Primera plana

La herencia de la izquierda

07/01/2019

La división ideológica por la cual uno representa una postura y los otros (en su totalidad) la contraria, no es nueva. Fue la fórmula de las dos orillas empleada por Julio Anguita allá en la década de los años noventa cuando trataba de arañar votos y escaños al PSOE al tiempo que José MaríaAznar y buena parte de los medios de comunicación lo jaleaban. Lo que sí es nuevo es la crudeza de la confrontación (la aspereza del discurso donde los adversarios pasan a ser casi enemigos) y el cuestionamiento severo del relato democrático. Si el PCE e IU (en su versión posterior) asumían la Transición como hecho fundacional, Podemos reniega por completo de aquello y lo tilda de régimen del 78. Por su parte, el que fuera coordinador de IU, Gaspar Llamazares, sí reconoce el papel desempeñado por Santiago Carrillo. De ahí, que pueda que surja pronto un nuevo partido que procure concentrar votos entre el espacio que se siente huérfano en la izquierda y que no vota al PSOE pero tampoco se siente acogido en Podemos y sus confluencias.
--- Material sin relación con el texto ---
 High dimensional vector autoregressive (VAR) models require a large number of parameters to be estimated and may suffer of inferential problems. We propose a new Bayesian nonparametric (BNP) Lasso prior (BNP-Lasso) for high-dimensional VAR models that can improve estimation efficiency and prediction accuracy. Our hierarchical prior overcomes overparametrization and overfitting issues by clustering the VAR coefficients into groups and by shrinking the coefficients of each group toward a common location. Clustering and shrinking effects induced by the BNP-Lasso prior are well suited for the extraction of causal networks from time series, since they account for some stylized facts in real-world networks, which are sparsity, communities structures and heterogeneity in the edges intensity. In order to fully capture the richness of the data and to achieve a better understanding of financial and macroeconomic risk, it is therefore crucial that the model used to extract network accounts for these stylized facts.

Es este, en último término, la guerra que está librando Llamazares con Alberto Garzón y Pablo Iglesias.

«En Italia ya ocurrió cuando sucumbió el PCI. Lo que no contaban era con Silvio Berlusconi»

Eso sí, su relevancia sería escasa. Y en los sitios donde concurre una formación nacionalista de izquierda (como NC en las islas) no hay espacio electoral para más siglas en esta orilla ideológica. Por lo que la otrora pureza de Anguita, que pugna con Llamazares y sí apoya a Garzón e Iglesias, estaría actualmente vertebrada en diversos partidos. Por supuesto, lo que trataba Anguita era de tildar al PSOE de formación alejada de la izquierda sin reconocer al menos la socialdemocracia clásica que imperó en Europa durante el siglo XX y que abrazaba el poder institucional con Felipe González en España como en otros países del Viejo Continente.
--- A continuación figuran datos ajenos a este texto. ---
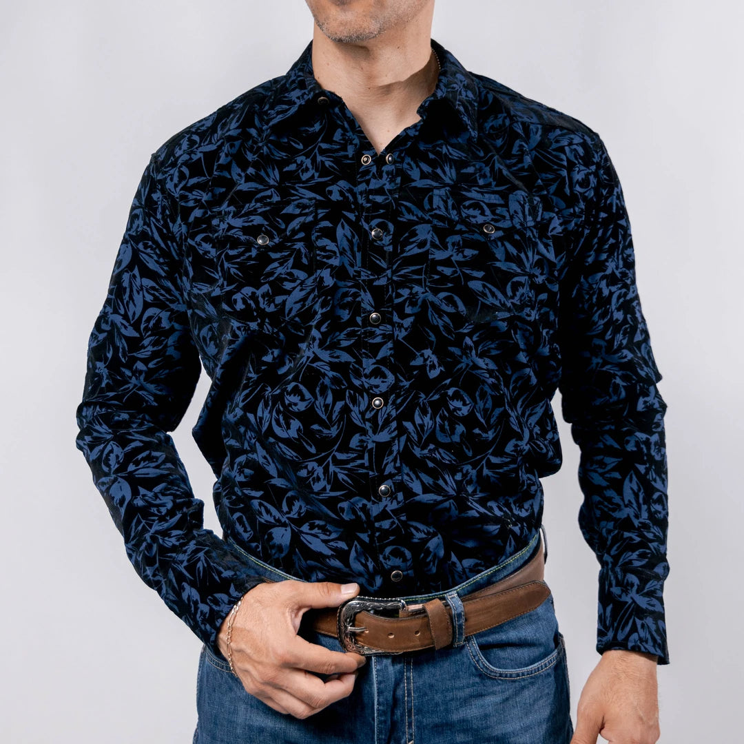 Camisa Wild Bull, Flock Estampado, Color Navy/Negro, Broches de presion, Material 100% Algodon, Corte Regular, SKU# CAL1081, *Modelo Mide 1.80, pecho 1.12 mts y usó talla M

El avance en escaños que protagonizó Anguita primero en los comicios generales de 1993 y después en 1996, se fue al traste justo en los del año 2000 donde Francisco Frutos recibió un fuerte varapalo. Entonces hubo una alianza entre el PSOE de Joaquín Almunia e IU que no pudo hacer nada con la mayoría absoluta de Aznar. Sociológicamente hay una izquierda más allá del PSOE aunque hoy por hoy se debate en su representación nacional porque Podemos no alcanza a recibir los votos clásicos del PCE e IU. Pensaba Iglesias que fichando a Garzón la suma sería inmediata y así superaría a Pedro Sánchez. Lo intentó en 2016 pero no pudo. Ahora las encuestas vaticinan una caída de Podemos y probablemente, de alguna forma, la izquierda estatal tenga que abrir nuevamente el debate de qué hacer en el futuro inmediato. En Italia ya ocurrió cuando sucumbió el PCI. Lo que no contaban era con Silvio Berlusconi.